Autre effet pervers de l’élection de députés en mode proportionnel : les caciques des partis n’ont alors plus besoin de se faire élire dans un comté pour siéger au Parlement. En effet, avec 4% des voix aux dernières élections fédérales, les Verts auraient eu droit à 9 sièges… même s’ils avaient été battus dans tous les comtés. Élizabeth May aurait eu plus à gagner à parcourir le Canada dans l’espoir d’augmenter le pourcentage total de ses appuis plutôt que de travailler sa circonscription. L’effet net est de couper le lien direct entre les candidats des partis et les électeurs locaux, et de diminuer l’imputabilité des élus face aux citoyens. Et même dans un régime mixte, où seulement une partie des députés seraient élus selon les pourcentages de vote obtenus, on crée alors deux classes de députés : les élus locaux et les « vedettes » du parti dont les noms figureront sur une liste préétablie, et qui jouiront alors d’une certaine immunité électorale !

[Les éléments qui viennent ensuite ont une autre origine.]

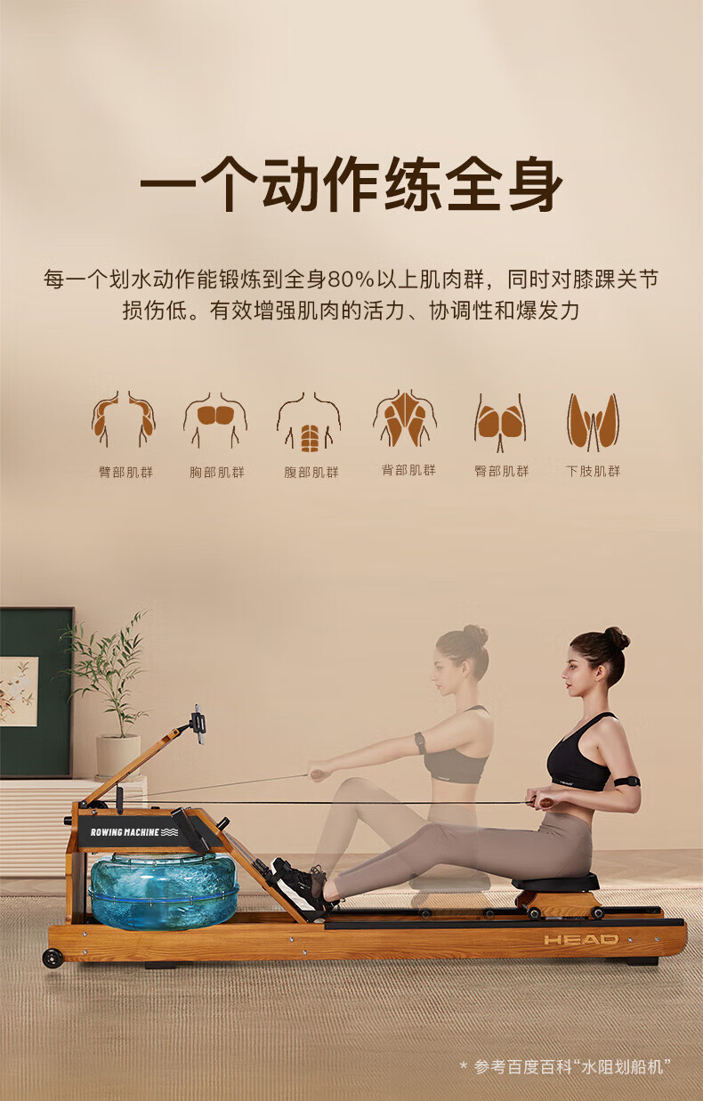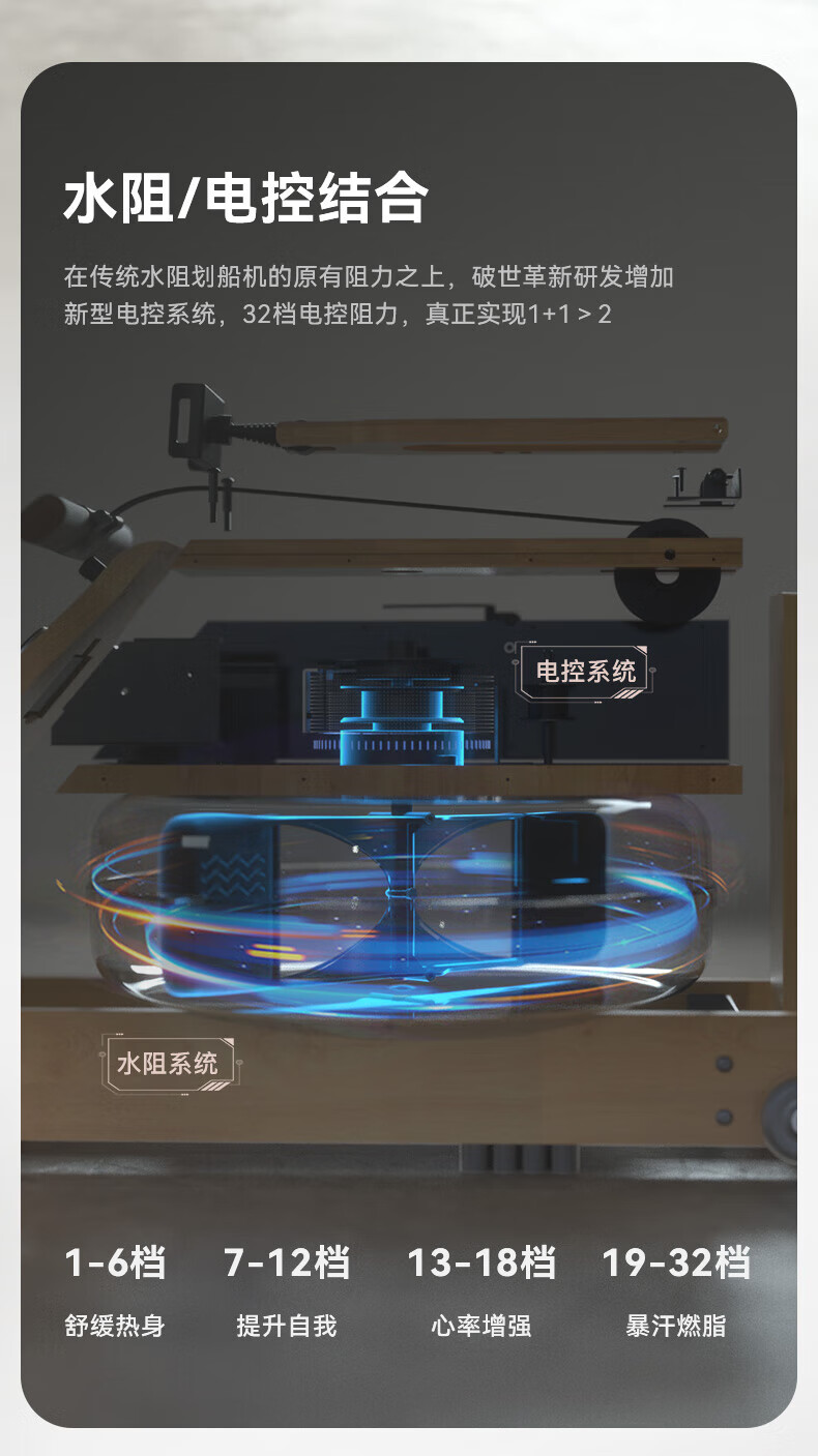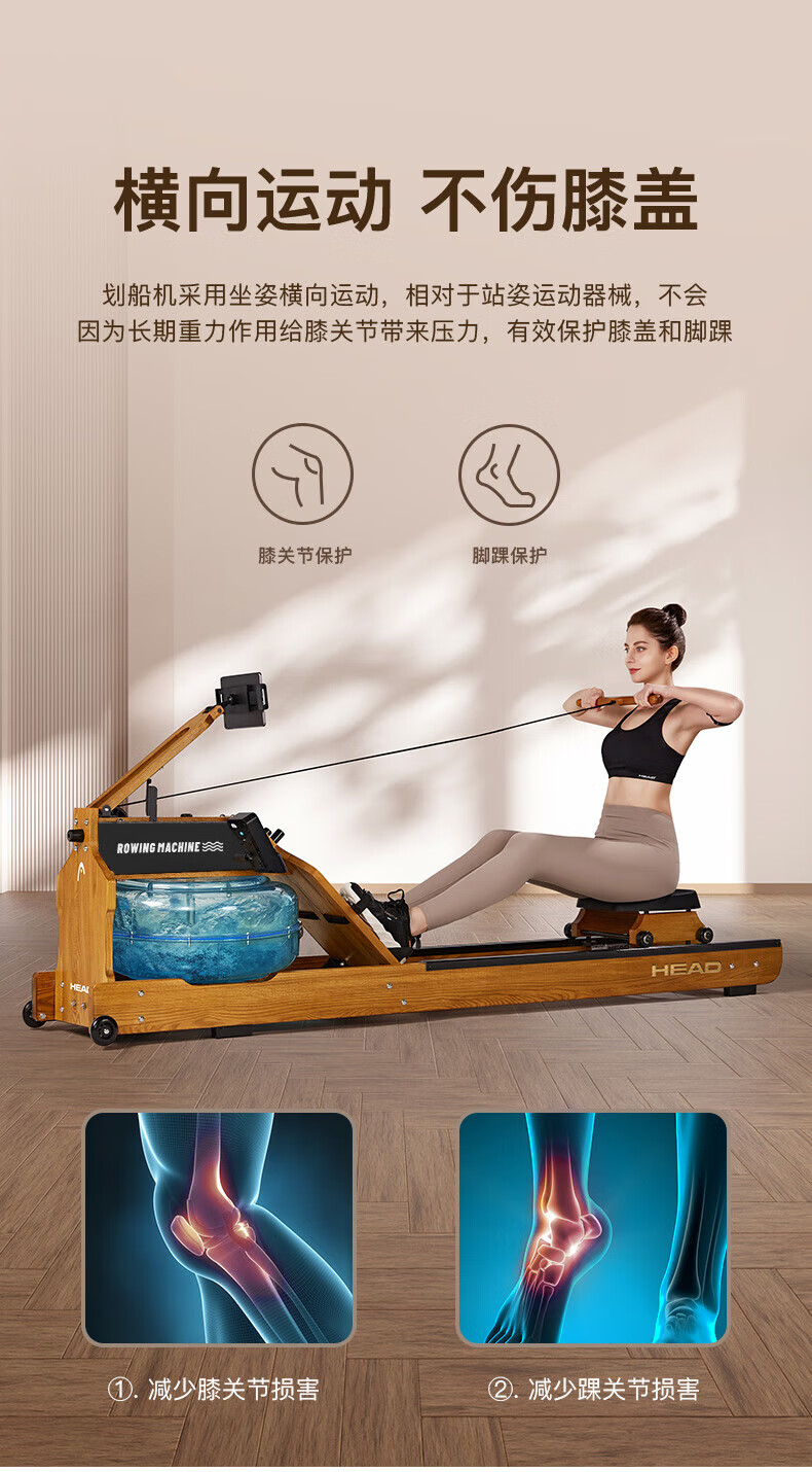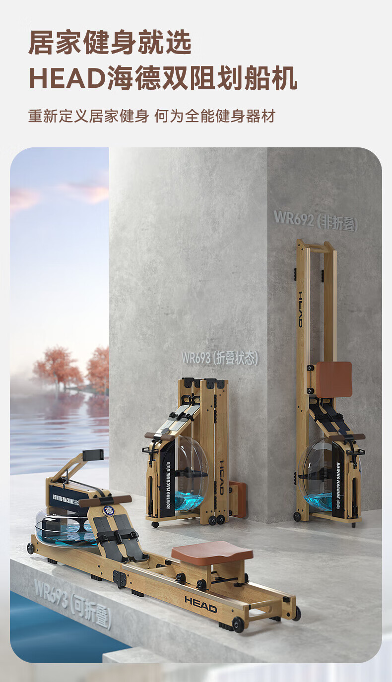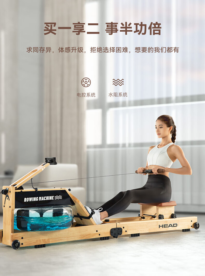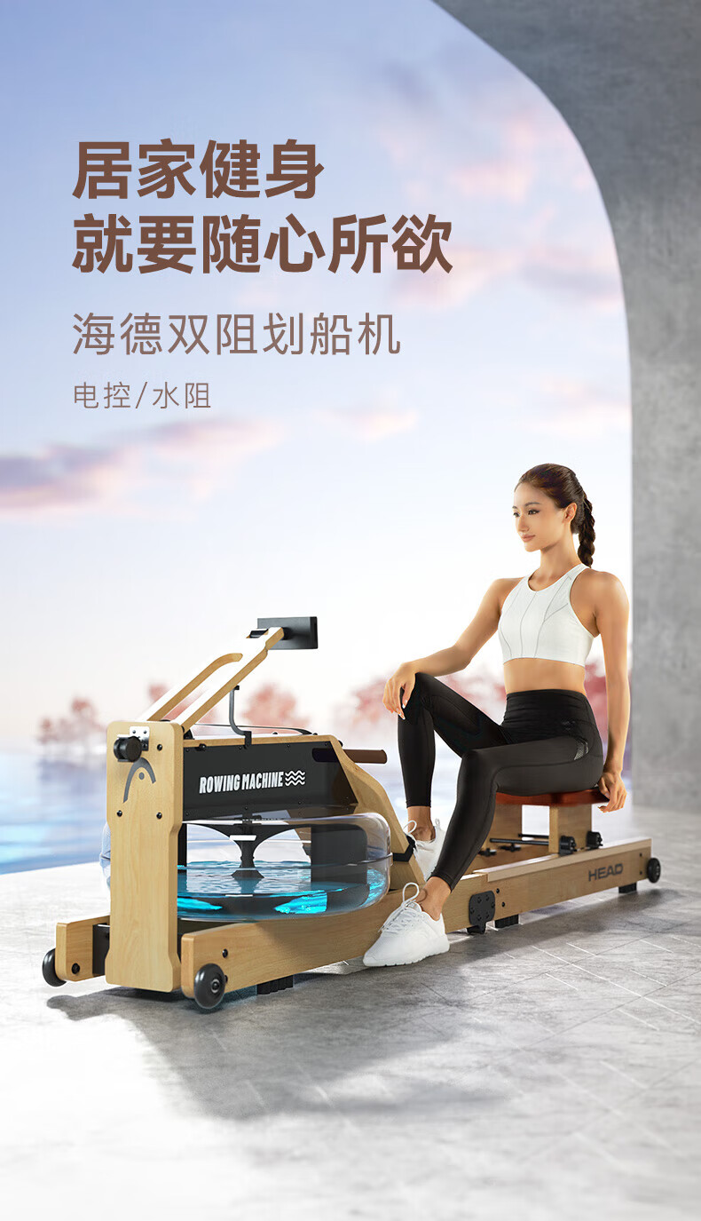 Hyde rowing machine home fitness water and electricity double resistance folding rowing machine aerobic fitness equipment rubber wood 7CWR655 upgraded dark version 7C special

Si le gouvernement actuel décide de proposer malgré tout un mode de représentation incluant une certaine proportionnalité, il faudra s’assurer de minimiser ces dangers. On pourrait par exemple décider de fixer un seuil de 2,5 ou 3 % (voire 5%) des voix à l’échelle nationale avant qu’un petit parti ait droit à une représentation proportionnelle, afin d’éviter la multiplication des partis mono-enjeu; on pourrait limiter le nombre de députés nommés selon ce mode (40 ou 50 élus proportionnels au Canada, par exemple, sur une Chambre de 350 députés), et de faire en sorte que ces « députés proportionnels » soient désignés non pas selon une liste nationale, mais région par région, en choisissant les candidats défaits ayant obtenu le plus de vote dans leur comté, ce qui permettrait de maintenir le lien entre chaque député élu et ses électeurs locaux (l’imputabilité, à la base de notre système électoral).

Notons que c’est cette idée d’une proportionnelle compensatoire régionale que René Lévesque a mis de l’avant lors de son premier mandat en 1976. Bien que la complexité du système proposé alors par Robert Burns dans son livre vert, un système qui mettait au rancart les circonscriptions électorales traditionnelles au profit d’élection de panels régionaux, ait amené le caucus des élus du PQ à abandonner le projet, on pourrait imaginer une réforme moins radicale qui respecte le principe de députés locaux.

Ce genre de système mixte, avec un seuil élevé et une répartition compensatoire régionale, aurait l’avantage de ne pas changer fondamentalement l’équilibre actuel qui favorise l’élection de gouvernements majoritaires stables, tout en permettant aux partis marginaux d’augmenter légèrement leur représentation et leur efficacité en Chambre (les Verts auraient ainsi pu obtenir 2 députés additionnels aux dernières élections). Il redonnerait un sens aux votes individuels même dans un comté où le candidat du parti de votre choix n’a pas de chance d’être élu. Et il permettrait aux partis politiques évincés de certaines provinces de mieux équilibrer leur représentation régionale (pensons aux Conservateurs et au NPD, sans représentants des provinces de l’Atlantique ; mais cela vaut aussi pour les Libéraux qui n’ont qu’un député en Saskatchewan et 4 en Alberta). Bref, on retrouverait plusieurs des avantages mis de l’avant par les défenseurs de la proportionnelle… sans le risque d’ébranler la stabilité que permet le régime actuel.